Will 2018 be the year that Whatsapp becomes part of the shopping experience?

Rupa Ganatra, the founding partner of Millennial 20/20 believes the instant messaging app Whatsapp will become part of retailers’ strategy in 2018:

One of the biggest lessons of 2017 is for retailers to be where their customers want them to be, engage with them where their customers want them to engage them and make the customer experience seamless across all touchpoints and channels.

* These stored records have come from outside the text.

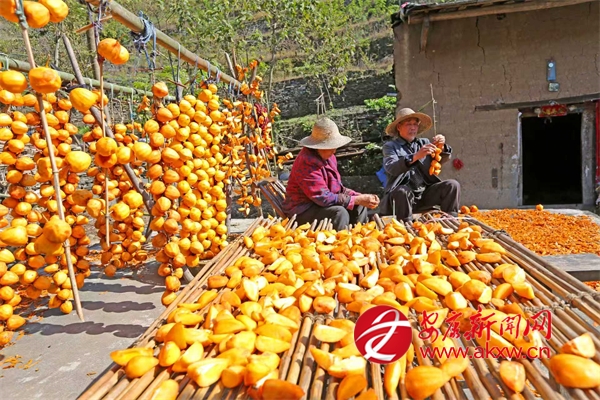 鄉(xiāng)親們趁著柿子還沒軟就采摘下來,在房前屋后搭起一排排晾曬柿餅的木架,開始每年一次的傳統(tǒng)手工勞作:去皮、懸掛、晾曬。出霜后就成了美味的柿餅。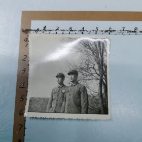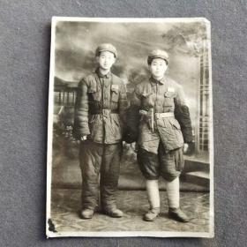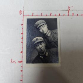 老照片:50年代初,两解放军战士合影照片5x3.5cm。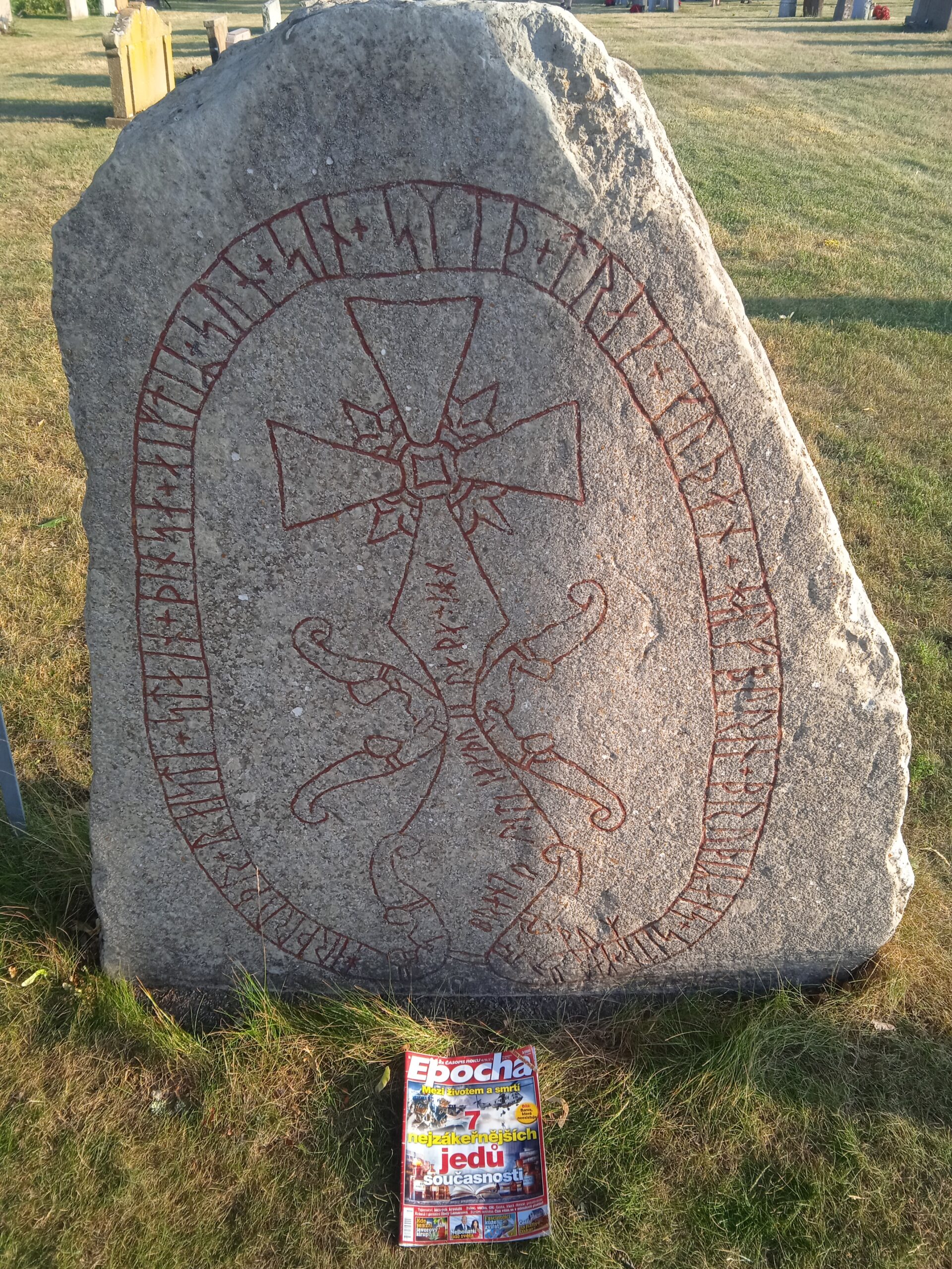 EPOCHA se ráda vydává po stopách všemožných zákoutí historie. Runové kameny nejsou výjimkou. Jeden takový objevila čtenářka Jana v realitě a zároveň i v čísle, které si sbalila sebou na cesty po jihu Švédska. A tak nám u něj časopis pohotově vyfotila.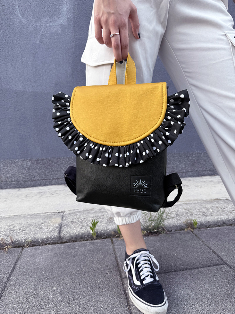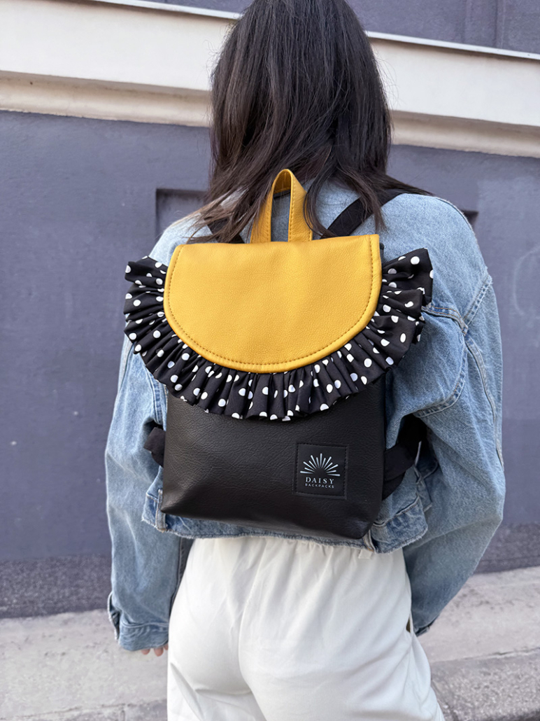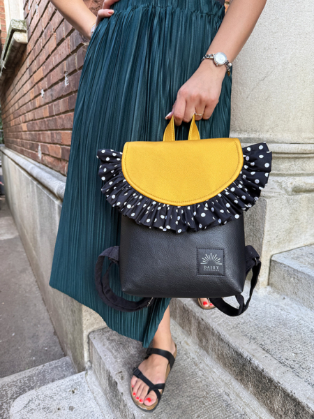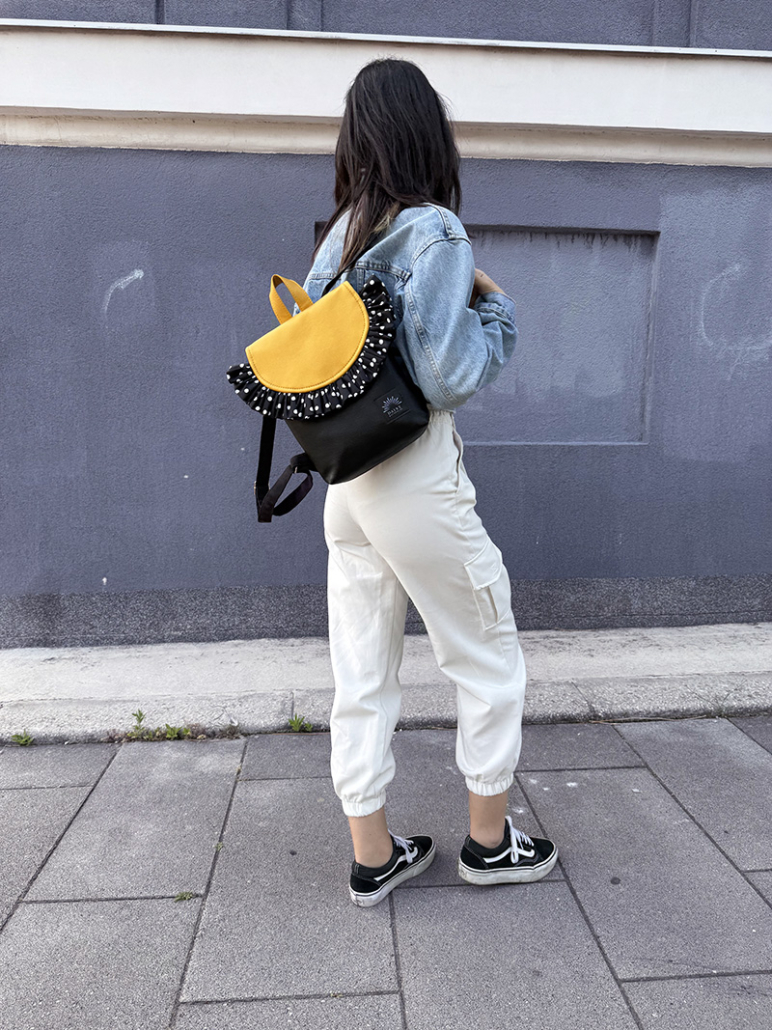 Fabric: main – eco leather, top – eco leather, ruffles – cotton, lining – cotton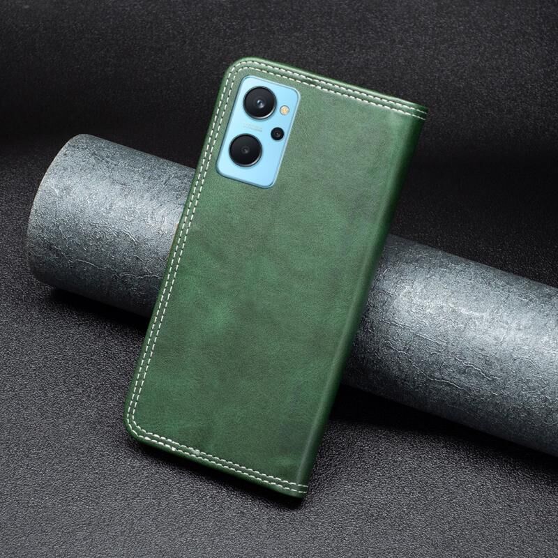 Θήκη τηλεφώνου από δέρμα με διπλή ραφή και αντιστοίχιση χρωμάτων για OPPO A36 4G / A96 4G / A76 4G / Realme 9i / K10 4G (Μαύρο)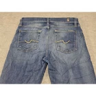 7 For All Mankind Gwenevere skinny jeans in a versatile medium wash blue. These designer denim pants feature a classic five-pocket styling with the brand's signature squiggle embroidery on the back pockets. Crafted from a comfortable cotton blend with a hint of spandex for stretch, they offer a flattering slim fit through the leg. Finished with a zip fly, button closure, and light whiskering at the hips for a lived-in look. Measurements: • Inseam: 29" Brand: 7 For All Mankind Model: Gwenevere Style: Skinny Color: Medium Wash Blue Material: 85% Cotton, 13% Polyester, 2% Spandex Closure: Zip Fly Pockets: 5-Pocket Features: Signature Squiggle Back Pockets, Whiskering Keywords: Designer Denim, Slim Fit, Stretch Jeans, Casual Wear, Everyday, Classic, Premium Denim, Indigo, Versatile, Transitional Every purchase takes the BLUES away!
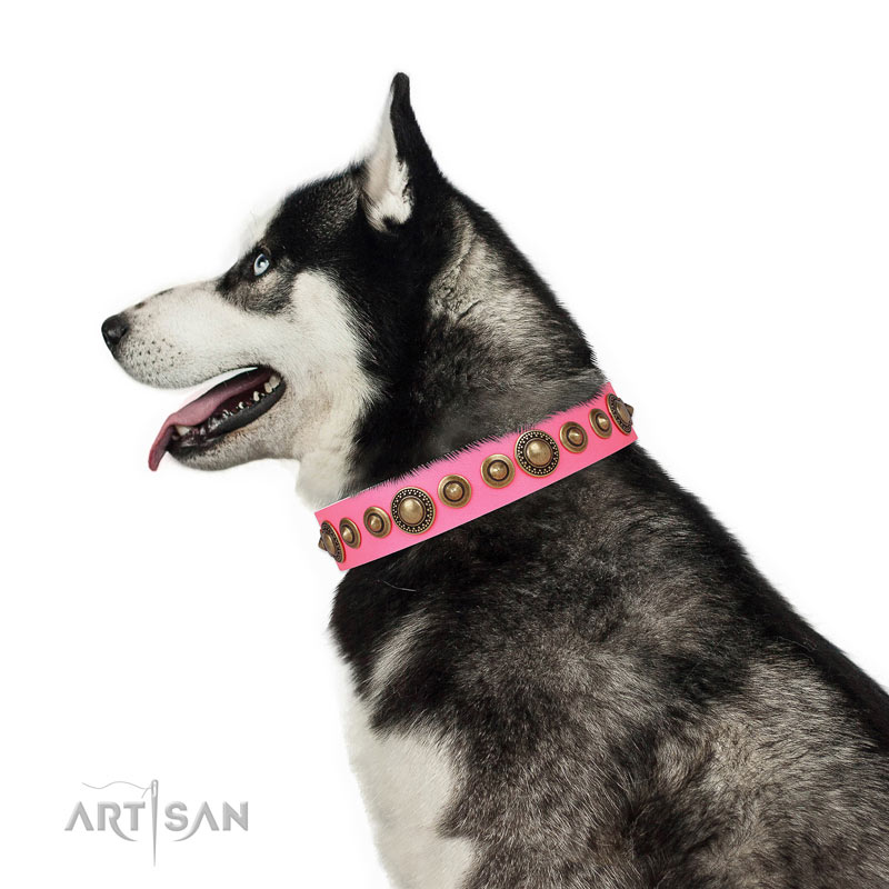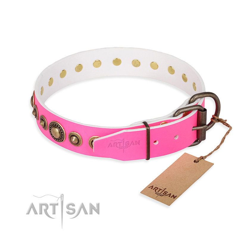 Here is a decision! This luxury style dog collar made of pink dyed leather is one of the most amazing things available on the market of canine equipment. Securely riveted old-bronze plated studs and circles shine brightly in the sun, attracting extra attention to your beloved pet. Have no worries about the quality of the supply. Soft genuine leather is gentle to the skin and will never cause rubbing or irritation. This is a fine walking dog collar, decorated with fashionable adornment, totally safe and dog-friendly. Your she-dog will love wearing it, especially when she receives compliments from passers-by.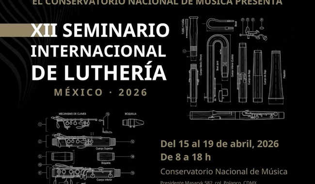 CDMX.- El Conservatorio Nacional de Música (CNM), perteneciente a la Subdirección General de Educación e Investigación Artísticas (SGEIA) del Instituto Nacional de Bellas Artes y Literatura (INBAL), será sede del XII Seminario Internacional de Laudería, que se llevará a cabo del 15 al 19 de abril, de 8 a 18 horas, como parte de las acciones de actualización y profesionalización en el ámbito de la práctica musical.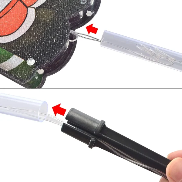 - Total 25″ high, Santa is 13″ and lighted tube is 12″

“With large European retailers, such as Yoox Net-a-Porter, testing What’s App as a customer service and order confirmation tool in 2017, I predict we will see wider use of this messaging channel for talking to customers and streamlining communications with retail customers at different touchpoints of their journey,” she added.

Renting — not owning — could be a big retail trend in 2018

Nearly one in five UK shoppers would be interested in renting clothes from their favourite retailer, according to research by Westfield, the owner of two of London’s biggest shopping centres.

Some retailers have already spotted the niche in the market.

US home improvement retailer Home Depot rents out bolt cutters, nail guns, interior scaffolding and other items.

Rent the Runway, which launched in 2009, offers designer clothes to rent and already boasts 6m members.

The New York-based platform made more than $100m in sales last year alone.

Others are taking note, with Amazon reportedly looking at alternatives where customers rent rather than buy.